Lecture 3 Flashcards
What is a good growth media for bacterial growth?
Milk
Why is milk a good growth media for bacterial growth?
High water content
Neutral pH
Variety of nutrients
What is pasteurization?
A rapid heat treatment followed by rapid cooling
What is the purpose of homogenization?
Fat particle reduction
What is the purpose of homogenization?
Break down fat globules so that the fat is dispersed evenly throughout
What are the two types of contamination?
Direct and environmental contamination
What are examples of direct contamination?
Animal/human health
Udder health
Residual fecal matter
What are examples of environmental contamination?
Atmosphere, water supply, inadequate equipment cleaning, inadequate refrigeration, and cross-contamination.
What are the major bacterial spoiling agents in dairy products?
LAB, Psychotropic Bacteria and Coliforms
The over-fermentation of LAB can lead to what?
Excessive acid production
What does psychro mean?
Cold
What does tropic mean?
Grow
True or False. Psychrotropic bacteria grow at refrigeration temperatures and are significant spoilage agents in dairy.
True
What type of bacteria produces enzymes that remain active even after pasteurization?
Psychrotropic bacteria
What spoils dairy products by producing gas and off odors?
Coliforms
What ferments lactose to produce CO2 resulting in gas pockets in cheese and spoilage in fluid milk products?
Coliforms
What are common signs of souring?
Sour milk and curding
What are the causes of souring?
Over fermentation of LAB
What are signs of ropiness?
Slimy, viscous consistency
What causes ropiness?
Specific types of bacteria that produce extracellular polysaccharides.
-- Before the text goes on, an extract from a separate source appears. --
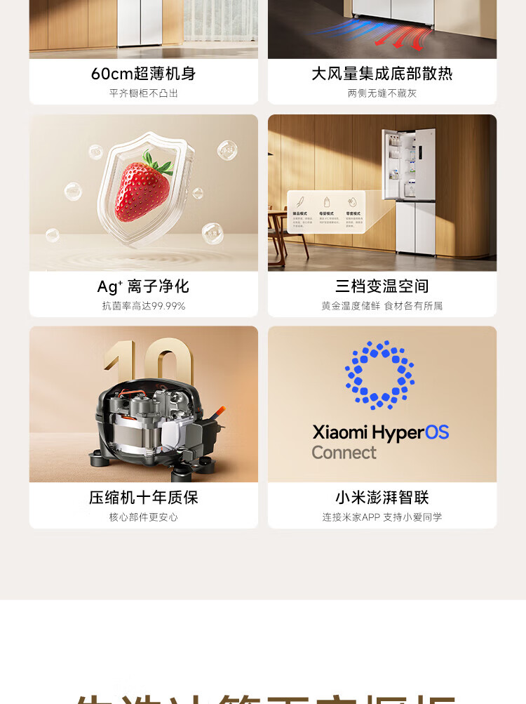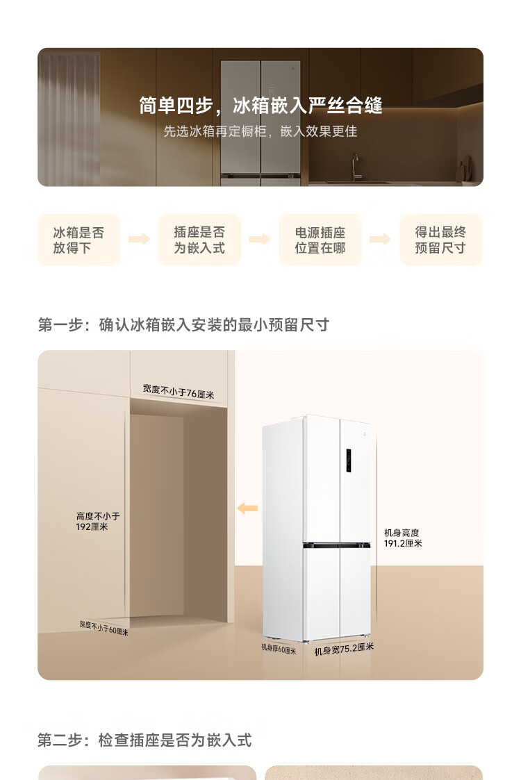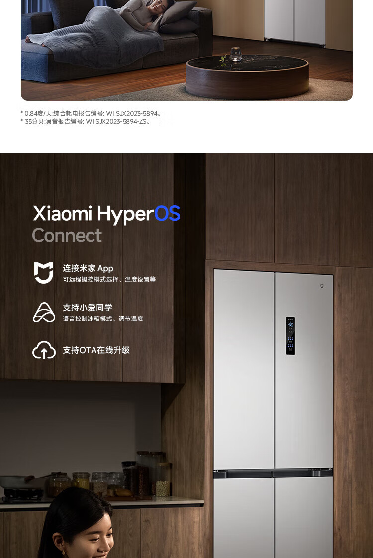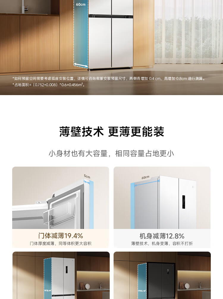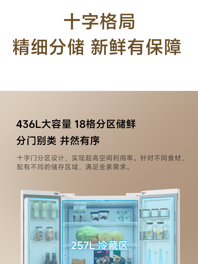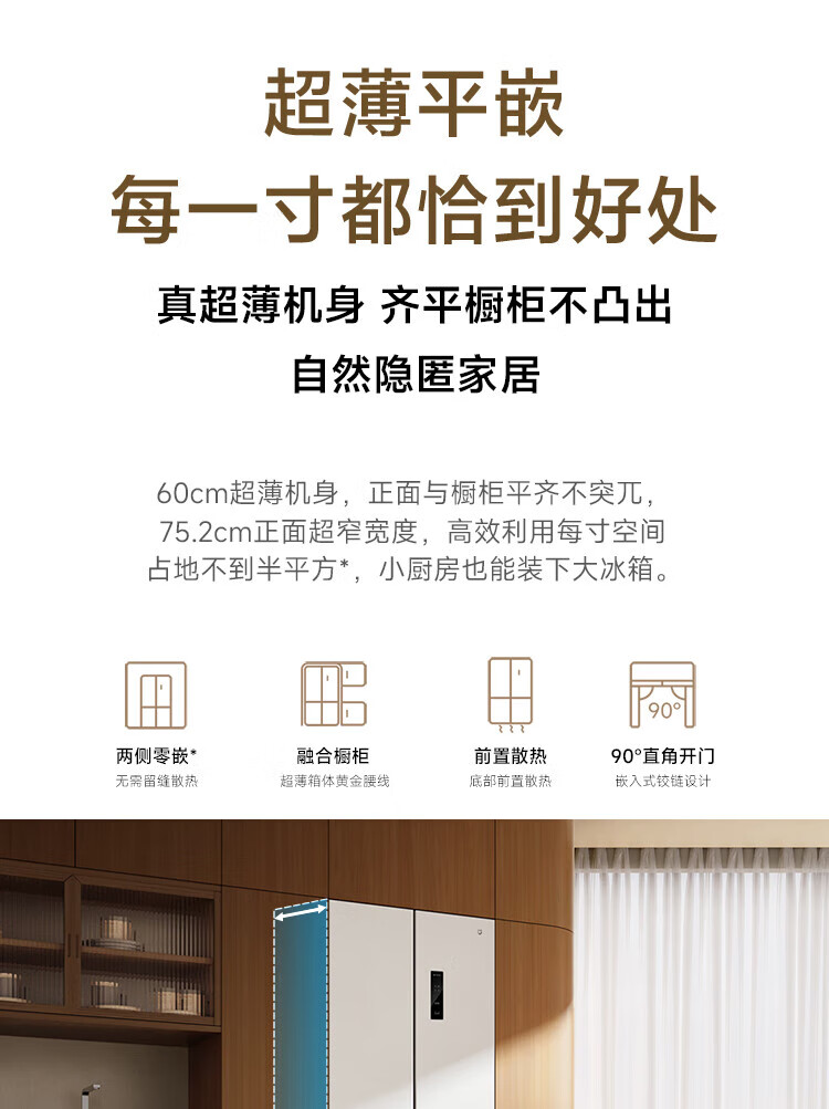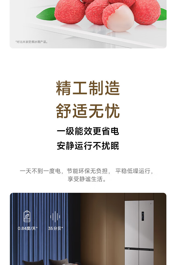 Mijia Xiaomi refrigerator 436 liters four-door cross-door refrigerator household large capacity 60cm ultra-thin flat embedded zero-embedded first-level energy efficiency BCD-436WMBI

EPS
What causes sweet curdling?
Section of proteases
What are the signs of sweet curdling?
Coagulates without the typical souring associated with lactic acid production
What is the primary energy source in milk?
Lactose
What is fermented to lactic acid?
Lactose
What remains soluble in milk and is less susceptible to microbial proteolysis?
Whey protein
What are the two bacterial growth inhibitors found in milk?
Lactoferrins and lactoperoxidase
What are lactoferrins?
Iron binding agents that limit the presence of iron, thus controlling bacterial growth
What is lactoperoxidase system?
An enzyme that is present in fresh raw milk. Can be reactivated by adding thiocyanate
When do spore-forming bacteria form?
Low-acid milk products are preserved by sub-sterilization heat treatment and packaged with little chance of recontamination with vegetative cells
What are examples of products in which spore-forming bacteria could occur?
aseptically packaged milk, cream, sweetened and unsweetened condensed milk
What is the most commonly know type of spoilage for produce?
Soft rot
What is soft rot?
When the plant’s structural polymers degrade
What are examples of degradative enzymes?
Pectinase, cellulase, protease, phosphatidase, dehydrogenase
What does cellulase break down?
Cellulose –> Glucose
What are the two groups that produce can be placed in based on physiological changes after harvesting?
Non-climacteric and climacteric
Non-climacteric
when it stops ripening after harvesting
What are contamination sources for produce?
Irrigation water
Soil and manure
Wildlife and Livestock
Atmosphere/Weather
Harvesting equipment
Composition of produce (pH, aw, sugar, aroma)
True or False. The spoilage of dried fruits is generally caused by osmophilic yeast and xerotolerant molds
True
What is the purpose of chemical sanitizers?
To help prevent cross-contamination by wash water
What is the purpose of MAP?
Reduced respiration and reduce senescence.
True or False. The microbiota of frozen produce is the same as fresh produce.
True
True or False. All produce undergo some type of processing before reaching the consumer.